Dans ces conditions, et il sera fait droit à la demande de radiation d’appel formée par la SARL FRANCE GEOTHERMIE 43.
Il appartiendra le cas échéant aux époux [K] de réitérer leur demande d’expertise judiciaire dans l’hypothèse où cette affaire serait rétablie au rôle après exécution du jugement de première instance assorti de l’exécution provisoire.
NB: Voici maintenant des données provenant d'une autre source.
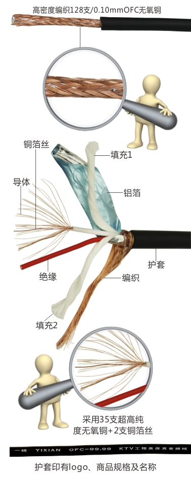 產(chǎn)品:2芯各分35支+2支銅箔絲絞合+2束細棉紗+鋁箔+高密度編織=高保真結(jié)構(gòu)設(shè)計并制造有效提升音質(zhì)并使音頻信號達到最佳效果 導(dǎo)體:抗氧化強,降低衰減和損耗 絕緣:雙絞線,增強音頻信號傳輸 填充:加強抗拉強度使線材圓潤 鋁箔:增強屏蔽信號,杜絕外界強電磁干擾 編織:編織加鋁箔完全杜絕外界強電磁干擾,聲音傳輸清晰不失真 護套:優(yōu)質(zhì)彈性PVC原料耐油耐磨耐酸堿增長使用壽命達15年以上 噴米:保證100%足米

En l’état actuel de la procédure en phase de radiation, cette demande d’expertise judiciaire sera donc rejetée.
Il serait effectivement inéquitable, au sens des dispositions de l’article 700 du code de procédure civile, de laisser à la charge de la SARL FRANCE GEOTHERMIE 43 les frais irrépétibles qu’elle a été contrainte d’engager à l’occasion de cette instance et qu’il convie d’arbitrer à la somme de 800,00 €.
Enfin, succombant à l’instance, M. [K] et Mme [P] épouse [K] en supporteront les entiers dépens.
PAR CES MOTIFS,
LE CONSEILLER DE LA MISE EN ÉTAT,
ORDONNE, la radiation de la déclaration d’appel formée par le RPVA le 21 novembre 2024 par le conseil de M. [Y] [K] et Mme [H] [P] épouse [K] à l’encontre du jugement n n° RG-23/00189 rendu le 1er octobre 2024 par le tribunal judiciaire du Puy-en-Velay.
CONDAMNE M. [Y] [K] et Mme [H] [P] épouse [K] à payer au profit de la SARL FRANCE GÉOTHERMIE 43 une indemnité de 800,00 €, en dédommagement de ses frais irrépétibles prévus à l’article 700 du code de procédure civile.
REJETTE le surplus des demandes des parties.
CONDAMNE M. [Y] [K] et Mme [H] [P] épouse [K] aux dépens de l’incident.